Top of EXTRACTED DATA
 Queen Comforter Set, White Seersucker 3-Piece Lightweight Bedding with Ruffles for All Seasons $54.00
Bottom of EXTRACTED DATA
Top of EXTRACTED DATA
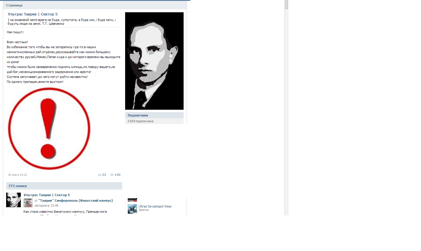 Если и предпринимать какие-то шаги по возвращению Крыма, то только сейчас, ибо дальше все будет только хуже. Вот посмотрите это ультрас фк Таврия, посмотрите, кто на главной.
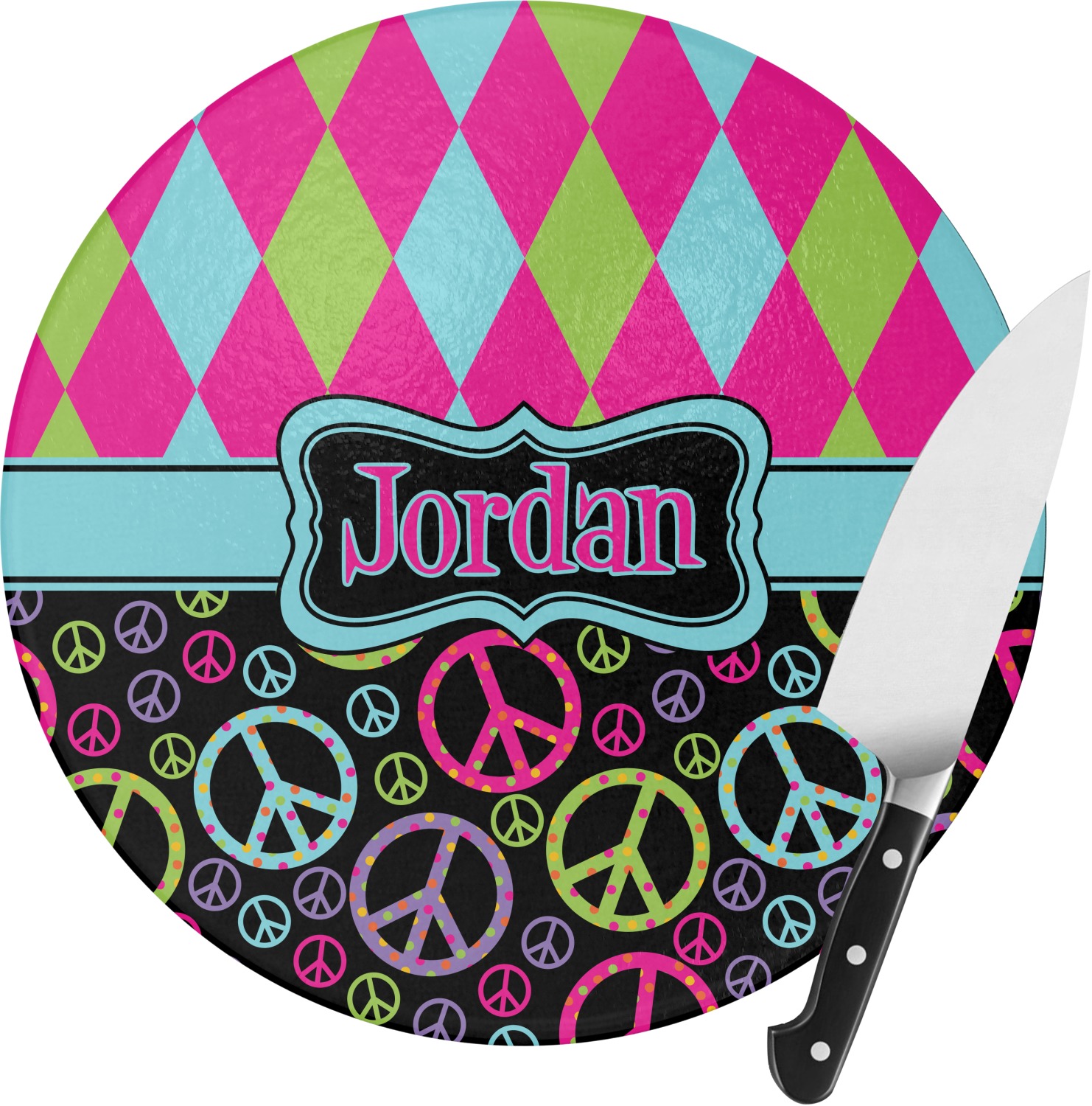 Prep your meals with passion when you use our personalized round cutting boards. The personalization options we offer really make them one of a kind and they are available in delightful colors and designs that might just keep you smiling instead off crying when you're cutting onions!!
Bottom of EXTRACTED DATA
Top of EXTRACTED DATA
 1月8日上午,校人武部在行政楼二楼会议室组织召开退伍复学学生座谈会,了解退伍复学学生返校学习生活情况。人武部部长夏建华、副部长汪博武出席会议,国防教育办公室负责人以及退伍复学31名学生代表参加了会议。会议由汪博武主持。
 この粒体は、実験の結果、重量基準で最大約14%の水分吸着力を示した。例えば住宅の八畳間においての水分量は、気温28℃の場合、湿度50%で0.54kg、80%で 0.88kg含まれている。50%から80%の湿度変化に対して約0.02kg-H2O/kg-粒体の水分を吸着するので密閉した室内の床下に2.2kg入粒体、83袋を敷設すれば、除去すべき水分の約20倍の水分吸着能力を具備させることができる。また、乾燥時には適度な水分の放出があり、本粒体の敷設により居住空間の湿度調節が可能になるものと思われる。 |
Bottom of EXTRACTED DATA
EXERCISE DETAILS. Would you output only the span of the records above that opens with the line containing "Если и предпринимать" and closes with the line containing "Prep your meals", ends included and pictures dropped?

YOUR RESPONSE.
 Если и предпринимать какие-то шаги по возвращению Крыма, то только сейчас, ибо дальше все будет только хуже. Вот посмотрите это ультрас фк Таврия, посмотрите, кто на главной.
 Prep your meals with passion when you use our personalized round cutting boards. The personalization options we offer really make them one of a kind and they are available in delightful colors and designs that might just keep you smiling instead off crying when you're cutting onions!!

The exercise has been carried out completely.